Merger mania: FTSE 250 hits new record on takeover boom
Theresa May’s claim that Britain remains “open for business” despite Brexit has been considerably boosted by the latest M&A activity figures, said Deirdre Hipwell in The Times. According to Dealogic, “Britain is on track to record nearly $70bn worth of deals in the first quarter, smashing last year’s total”. News of more action this week – a takeover battle for Bovis Homes in the construction sector, and consolidation in the oil services sector – sent the domestically focused FTSE 250 index to a new record close. J.P. Morgan’s Ed Byers said the appetite for deals was growing in line with “corporate confidence” – aided by high equity valuations, which have given companies greater flexibility to finance deals, and cheap debt. Expect “a further surge in activity”.
It all sounds very bullish, but what’s really behind this latest wave of takeovers, asked Jim Armitage in the London Evening Standard. Briefly summarised: cost-cutting and “opportunistic” attacks on lame ducks. That’s certainly the case with housebuilder Bovis, which “has been run shockingly badly and is lacking a chief executive – never a good look”. The offers it has received from rivals Redrow (kicked out) and Galliford Try (still ongoing) are “transparent efforts” to get Bovis’s 25,000 plots of land in southern England “cheekily cheap”.

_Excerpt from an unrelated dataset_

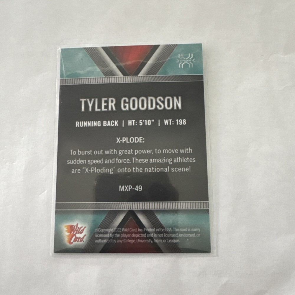 The 2022 Wild Card Matte Tyler Goodson MXP-49 X-close 57/75 Chase Card is a sports trading card featuring Tyler Goodson, a player in football. Manufactured in 2022 by Wild Card in the United States, the card is made of card stock and is serial numbered. It is part of the 2022 Wild Card Matte set and is in excellent condition, though ungraded. With a limited production of 75 cards in this chase series, it appeals to collectors of sports memorabilia and trading cards.

The second big move of the week – Aberdeenbased Wood Group’s £2.23bn deal to buy its ailing competitor Amec – has a cautionary tale behind it, said Nils Pratley in The Guardian. Amec would never have got itself into such a vulnerable state had it not made a “transformational” acquisition of its own in 2014. It splashed out nearly £2bn for the US group Foster Wheeler, resulting in mostly “a pile of trouble” and “towering debts”. Fingers crossed for Wood Group that “the curse isn’t inherited”.